Documenting Britain
My photographic practice is concerned with the evolving relationship between politics, landscape and art histories. I intend to continue my ongoing exploration of the politics of gardening, examining the relationship between formal public gardens and empire.
The same picture
17.02.15
I left Leeds with too much luggage to carry the geraniums, so when my mum visited last month she brought me the Mother Plant and a selection of her descendants. I met her off the train to help carry the two boxes, their handles made with twisted up carrier bags and gaffer tape. I remembered another plant in a plastic bag, the first photograph I made that still means something to me. In 2006 I followed a group from the Leeds Irish Centre as they ascended Croagh Patrick, a holy mountain in the West of Ireland, which has been a site of pilgrimage for over 5000 years. The group had carried to the summit a Yorkshire Rose, wrapped in a Morrison’s carrier bag and a pink blanket, to plant at the top. This photograph became the pivot of my project, Roisín Bán, which explored the connections between Irish emigrants in Leeds and their connections to ‘home’ – three small villages in County Mayo, not far from the mountain.

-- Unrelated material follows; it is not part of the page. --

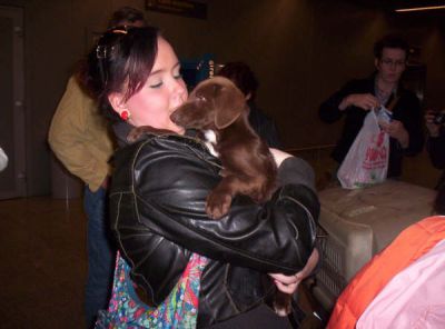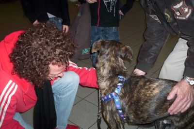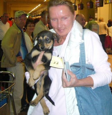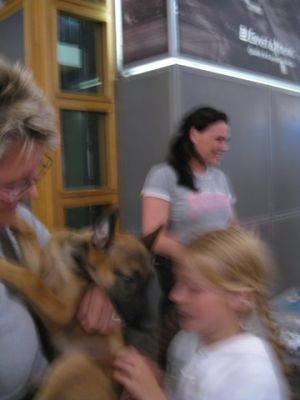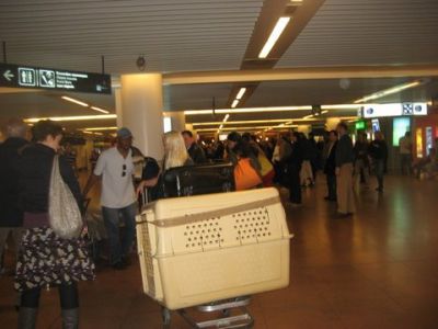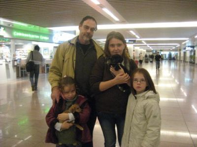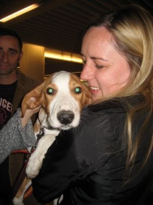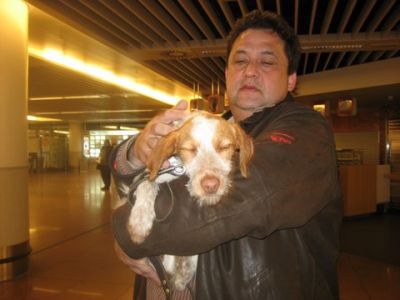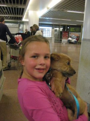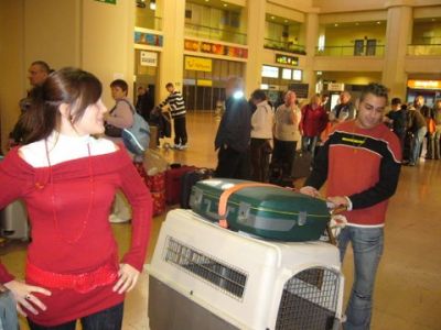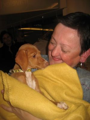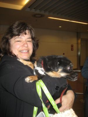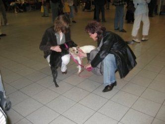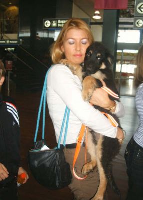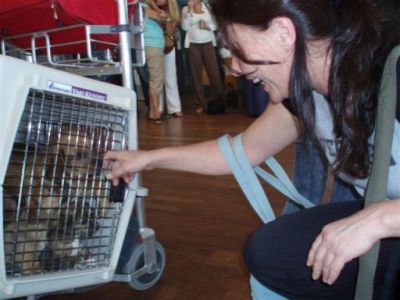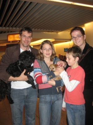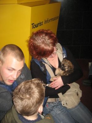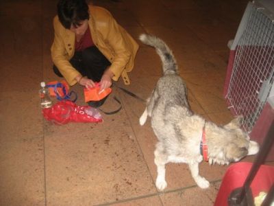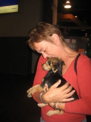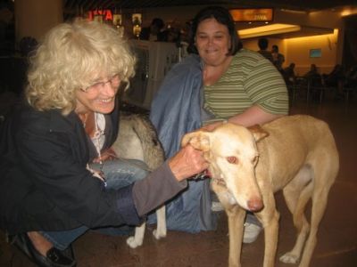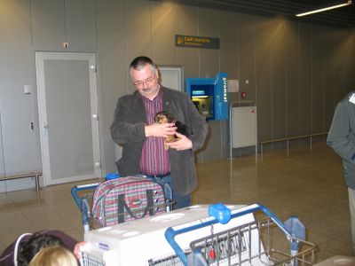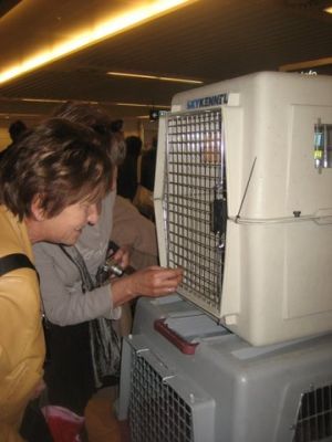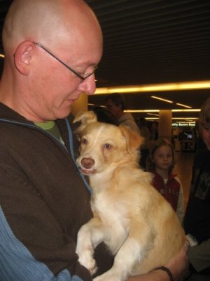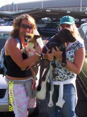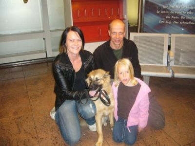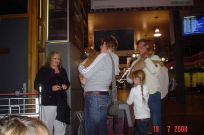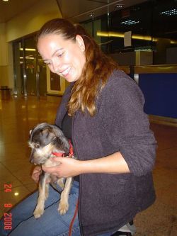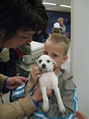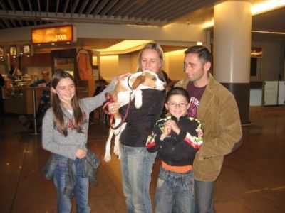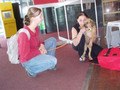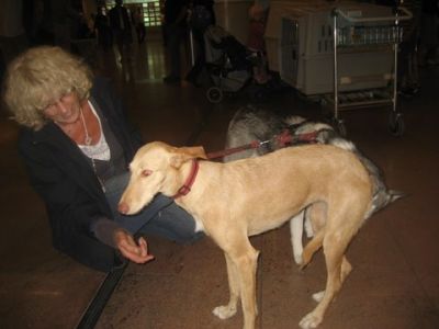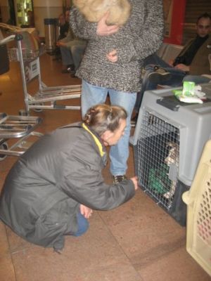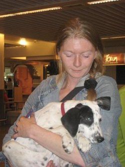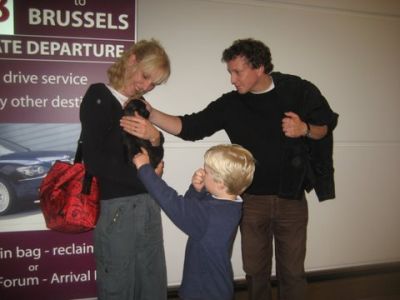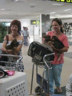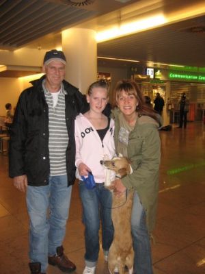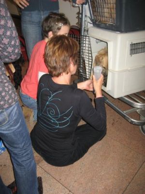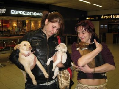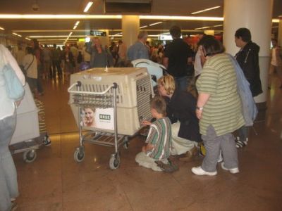| aankomst 28 juli.. Het vliegtuig had 8 uur vertraging. Er was al een aantal mensen onder weg naar Brussel. Die moesten of weer terug rijden en andere zijn weer gebleven. Maar de lieve adoptie ouders waren allemaal blij dat ze de hondjes in hun armen konden sluiten na zo dag.
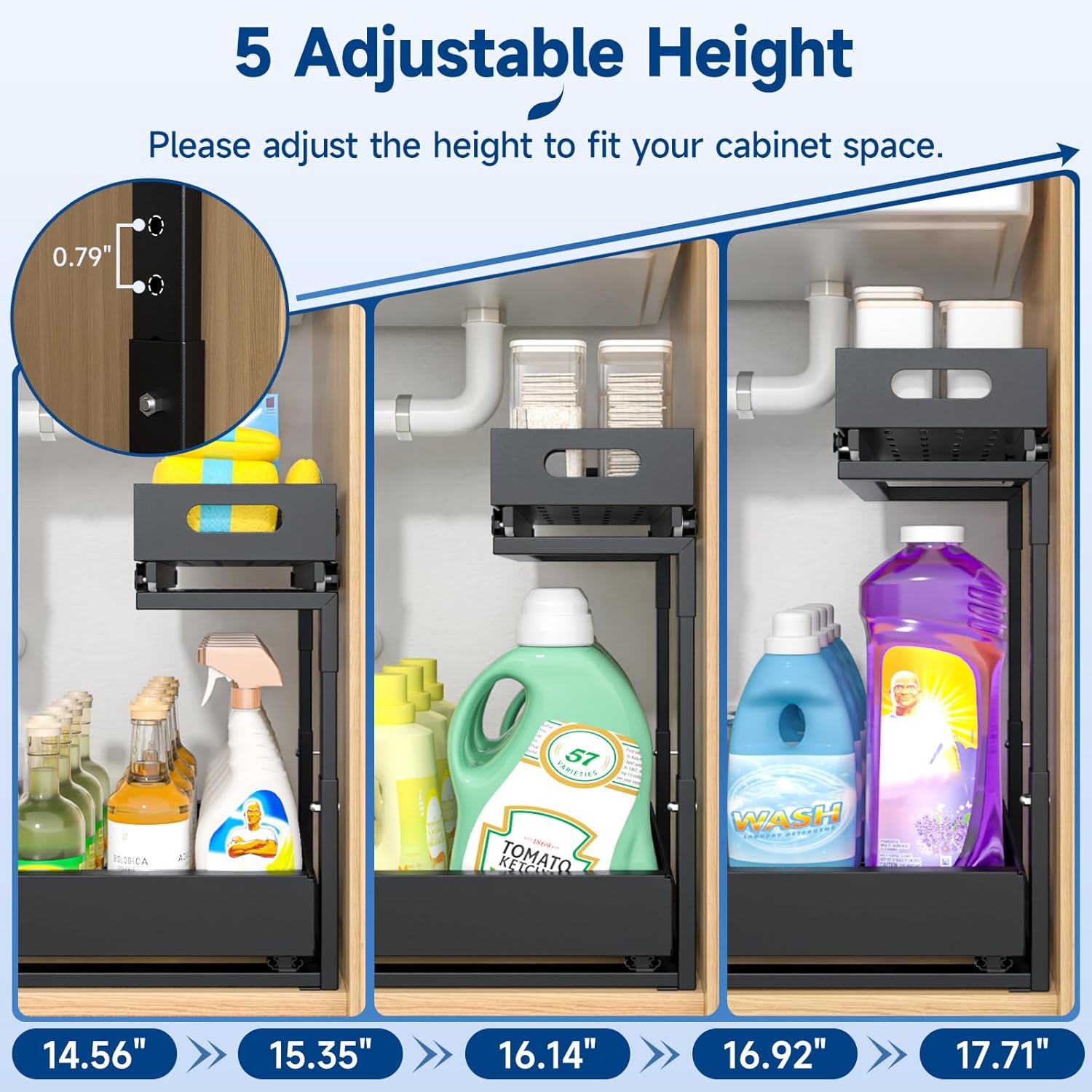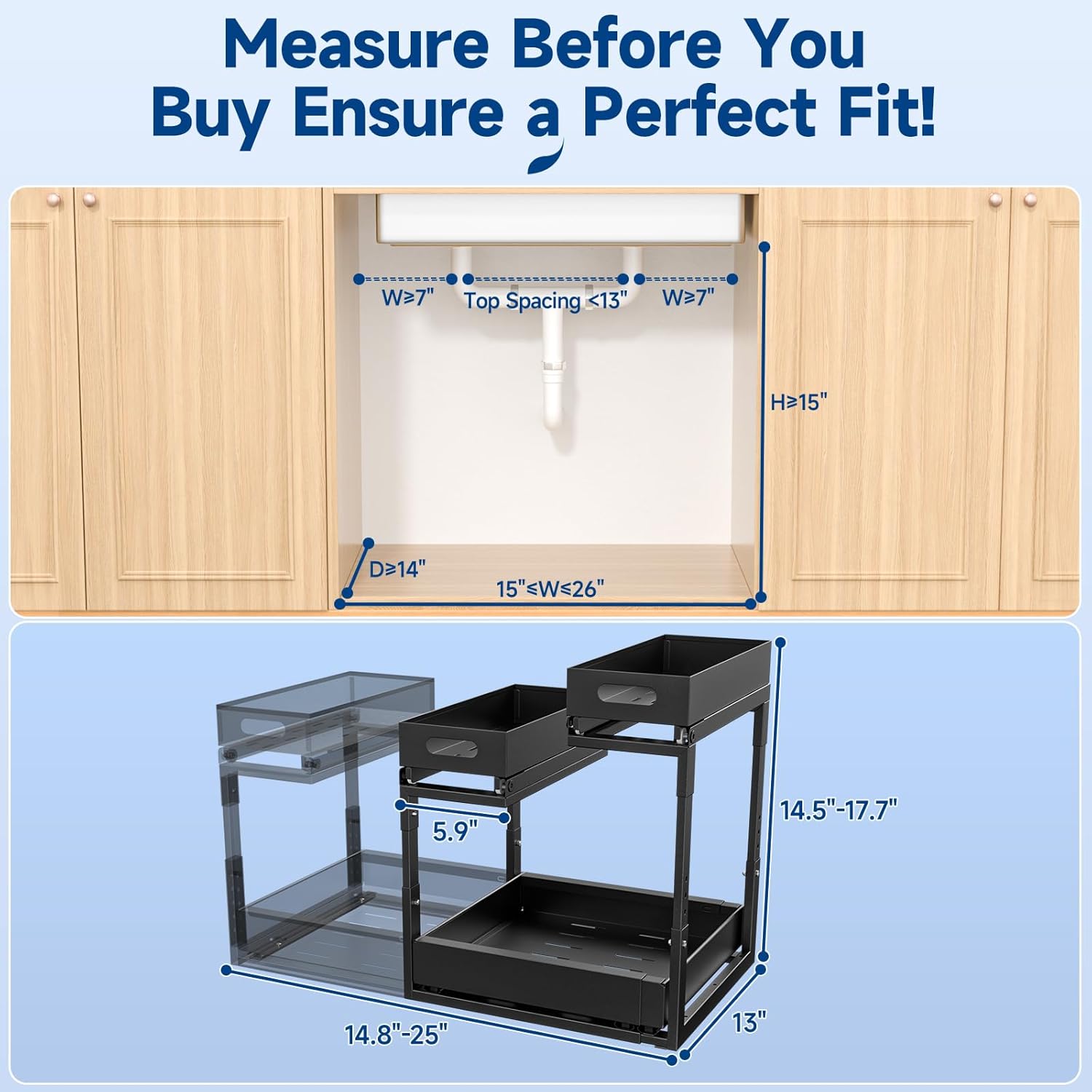 Adjustable width and height: This under sink shelf offers a custom fit for any space. The telescopic bottom drawer expands from 15″ to 25″ wide, complemented by 5 adjustable height levels (14.56″ to 17.71″), and the internal clearance between the side racks expands up to 13″. Perfect for organizing your kitchen, bathroom, laundry, restroom, vanity or pantry cabinets! Important Compatibility: Does not fit cabinets with center dividers or a bottom frame height over 0.5 inches.

Unwrapping the geraniums on my living room floor, I reflect on the questions that run through all my work: about notions of us and them, here and there, cultural purity and processes of hybridity. These inquiries have taken me to Spain, Morocco, Palestine, and now back to Leeds, sometimes in the city but usually in nature. As I look at the snaps I made with my phone, I realise I am making the same photograph, over and over again.
It smells of Spring today, and so, with some trepidation, I start to clip and cut, splice, and tether, as I continue (for now) the Red Jan Line.